MTT方法检测各组U251细胞的增殖能力,siTRPV3组与CON组和NC组比较,不同时间点U251细胞增殖能力均下降(24和48 h,P < 0.05;72和96 h,P < 0.01),CON组和NC组比较无统计学差异,见图 2

* P < 0.05 vs NC group;** P < 0.01 vs NC group;# P < 0.05 vs CON group;## P < 0.01 vs CON group. 图 2 MTT检测细胞增殖的变化 Fig.2 Cell growth analyzed by MTT in U251 cells

2.3 敲除TRPV3表达后U251细胞侵袭能力下降

采用Western blotting检测不同处理后U251细胞中侵袭相关蛋白MMP-2、MMP-9的表达,与CON组和NC组比较,siTRPV3组MMP-2(P < 0.01)和MMP-9(P < 0.05)蛋白的表达明显降低,CON组和NC组比较无统计学差异。见图 3

* P < 0.05 vs NC group;** P < 0.01 vs NC group;# P < 0.05 vs CON group;## P < 0.01 vs CON group. 图 3 各组U251细胞中MMP-2和MMP-9蛋白的表达 Fig.3 MMP-2 and MMP-9 expression in U251 cells

2.4 敲除TRPV3表达影响CaMKⅡ磷酸化和cyclin D1的表达

TRPV3是一种钙离子通透性蛋白,Western blotting检测结果显示,siTRPV3组U251细胞中p-CaMKⅡ表达明显少于CON组和NC组(P < 0.01),见图 4A;同时,cyclin D1的表达也明显减少(P < 0.01),见图 4B;CON组和NC组比较无统计学差异。

A,p-CAMKⅡ;B,cyclin D1.** P < 0.01 vs NC group;## P < 0.01 vs CON group. 图 4 各组U251细胞中p-CAMKⅡ和cyclinD1蛋白的表达 Fig.4 p-CAMKⅡand cyclin D1 expression in U251 cells

3 讨论

细胞内钙离子(intracellular free Ca2+,[Ca2+]i)是细胞内重要的第二信使,在多种生理、病理过程发挥作用,如调控细胞分化、增殖、凋亡、坏死等。研究[5]已证实胶质瘤的[Ca2+]i浓度高于正常细胞,对肿瘤细胞内信号转导的紊乱起了非常重要的作用。

TRPV3通道对Ca2+与Na+离子选择是10: 1,研究结果表明,TRPV3可作为一种钙离子通道蛋白。其通道开放使[Ca2+]i浓度升高,引起膜去极化,动作电位形成,细胞内信号转导机制被激活,进而调控神经传递、细胞周期进程、细胞凋亡等多种细胞生理功能[6-9]。研究[10]发现,TRPV3能够促进口腔上皮细胞的增殖和伤口愈合。因为其电导较小,可以传递长时程的钙信号,而长时程的Ca2+内流影响细胞增殖等一些慢细胞的活动。在膀胱癌的研究中发现,TRPV3基因激活后可明显减慢膀胱癌细胞增殖,促进凋亡[11-12]。在非小细胞肺癌研究中发现,敲除TRPV3表达,肿瘤细胞增殖能力下降[4]。本研究结果显示,在胶质瘤U251细胞中干扰TRPV3表达后PCNA表达减少,肿瘤细胞的增殖能力明显下降;同时侵袭相关蛋白MMP-2和MMP-9的表达也减少,提示TRPV3能促进胶质瘤U251细胞的增殖和侵袭能力。

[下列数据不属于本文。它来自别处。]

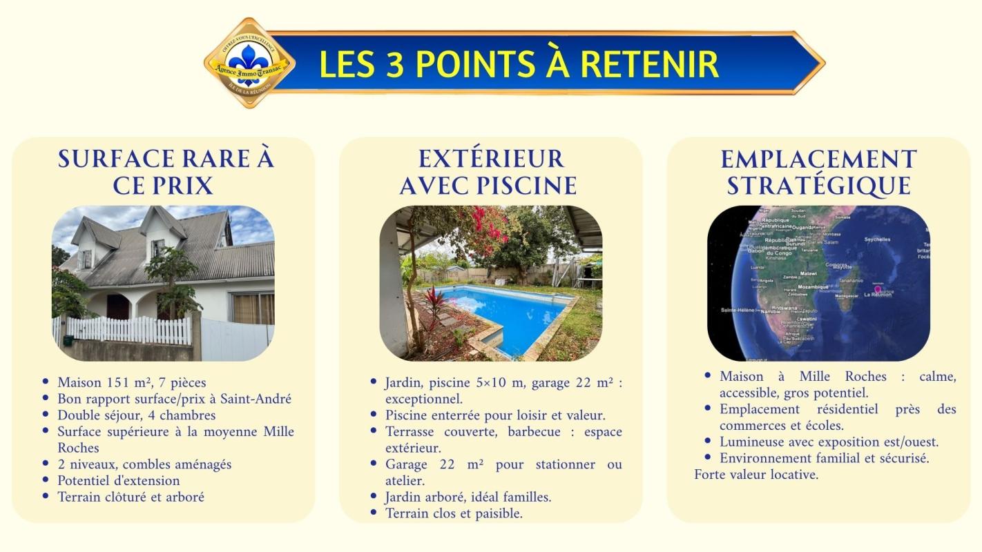 Vous cherchez une MAISON avec piscine à vendre à SAINT-ANDRÉ, dans le quartier résidentiel de MILLE ROCHES, avec JARDIN et PISCINE ? . Cette maison familiale de 151 m² sur un terrain arboré bénéficie de : - 4 CHAMBRES dont une sous combles, climatisée et pleine de charme. - DOUBLE SÉJOUR TRAVERSANT avec arches et baies vitrées sur la terrasse - PISCINE de 5 × 10 m intégrée au jardin. - TERRASSE COUVERTE idéale pour les repas en plein air. - GARAGE fermé de 22 m² et COIN BARBECUE aménagé. . Explorez cette maison dès maintenant en SCANNANT LE QR CODE dans les photos pour un meilleur aperçu. . Pourquoi cette maison située à Mille Roches mérite votre attention ? . ENVIRONNEMENT RÉSIDENTIEL CALME : Nichée dans un lotissement paisible, la maison offre un cadre de vie agréable, à proximité des commerces, des écoles et des axes routiers. Vous profitez du calme tout en restant connecté à la vie quotidienne. . FAÇADE CRÉOLE ET ARCHITECTURE AUTHENTIQUE : La façade typique et la toiture à forte pente rappellent le charme créole, tout en assurant une structure solide et durable. . SÉJOUR LUMINEUX TRAVERSANT : Le double séjour, baigné de lumière, s'ouvre largement sur la terrasse et la piscine. L'organisation fluide des espaces crée une circulation naturelle entre intérieur et extérieur. . CUISINE SEMI-OUVERTE FONCTIONNELLE : La cuisine en L relie harmonieusement la salle à manger et le séjour. Son agencement pratique et sa ventilation naturelle facilitent le quotidien. . CHAMBRES SPACIEUSES ET CONFORTABLES : Quatre chambres de 12 à 17 m², dont une sous combles, offrent confort et intimité. Les volumes généreux s'adaptent à une vie familiale ou à un projet locatif. . SALLE D'EAU ET ESPACES FONCTIONNELS : Une salle d'eau centrale avec fenêtre d'aération et deux WC séparés garantissent praticité et confort au quotidien. . TERRASSE COUVERTE CONVIVIALE : Prolongeant le séjour, la terrasse ombragée permet de profiter des repas en famille toute l'année. . PISCINE 5×10 M : Véritable espace de détente, la piscine s'intègre parfaitement au jardin verdoyant et clôturé. Quelques rafraîchissements permettront de lui redonner tout son éclat. . JARDIN PRIVATIF ET CLÔTURÉ : L'extérieur arboré offre un cadre intime et sécurisant, parfait pour les enfants ou les moments de détente. . GARAGE ET ESPACES COMPLÉMENTAIRES : Le garage de 22 m² permet de stationner ou de créer un espace atelier. Le coin barbecue ajoute une touche de convivialité à vos soirées. . CONFORT ET POTENTIEL : La climatisation partielle assure le confort thermique et les volumes existants offrent un fort potentiel d'aménagement et de valorisation. . CONTACTEZ-NOUS dès maintenant pour découvrir tout le potentiel de cette maison ! Profitez de notre visite vidéo en SCANNANT LE QR CODE dans les photos pour un meilleur aperçu. . Vous avez le projet de VENDRE à l'île de La Réunion ? . Découvrez notre Estimation en ligne Gratuite en 3 clics. . Grâce à notre EXPERTISE RECONNUE et notre MARKETING INNOVANT, votre Agence Immobilière 974 vous aide à VENDRE VITE et AU MEILLEUR PRIX. . Offrez-vous l'excellence immobilière à La Réunion avec l'Agence Immo Transac. . Votre Allié Immobilier Réunionnais. Honoraires à la charge du vendeur. Non soumis au DPE. Les informations sur les risques auxquels ce bien est exposé sont disponibles sur le site Géorisques : g...

高浓度的Ca2+可通过激活磷脂酶C、蛋白激酶C、Ras/PI3K、ERK1/2等信号通路,通过多个环节参与细胞周期进程调控,影响肿瘤细胞的增殖和侵袭[13]。CaMKⅡ也受细胞内Ca2+浓度调节,可以绑定在Ca2+/CaM被激活而发生自动磷酸化,在结肠癌、卵巢癌等多种肿瘤中CaMKⅡ都被激活,促进肿瘤细胞的增殖[14]。本研究结果显示,U251细胞系中敲除TRPV3,p-CaMKⅡ表达减少,提示TRPV3影响了U251细胞内Ca2+浓度,进而影响CaMKⅡ的激活。

目前研究发现细胞内钙离子在多个环节参与细胞周期调控,可影响细胞周期相关蛋白的表达,如cyclin D1,启动细胞周期进程。cyclin D1在许多癌组织中过表达,且与癌细胞的增殖有关,可以通过调控细胞周期G1期限制点而调节细胞增殖[15]。本研究结果发现,U251细胞系中敲除TRPV3,cyclin D1蛋白表达减少,提示TRPV3蛋白通过影响细胞内Ca2+浓度,调控细胞周期蛋白cyclin D1的表达,进而影响细胞周期进程。

综上所述,TRPV3通道蛋白能够促进胶质瘤U251细胞的增殖和侵袭能力。其机制可能是TRPV3通道开放,细胞外Ca2+内流,cyclin D1过表达促进细胞的增殖。说明TRPV3通道蛋白与肿瘤的发生发展密切相关,为肿瘤靶向治疗提供了新途径,但是在不同肿瘤组织中TRPV3发挥的作用与机制还需要进一步探讨和研究。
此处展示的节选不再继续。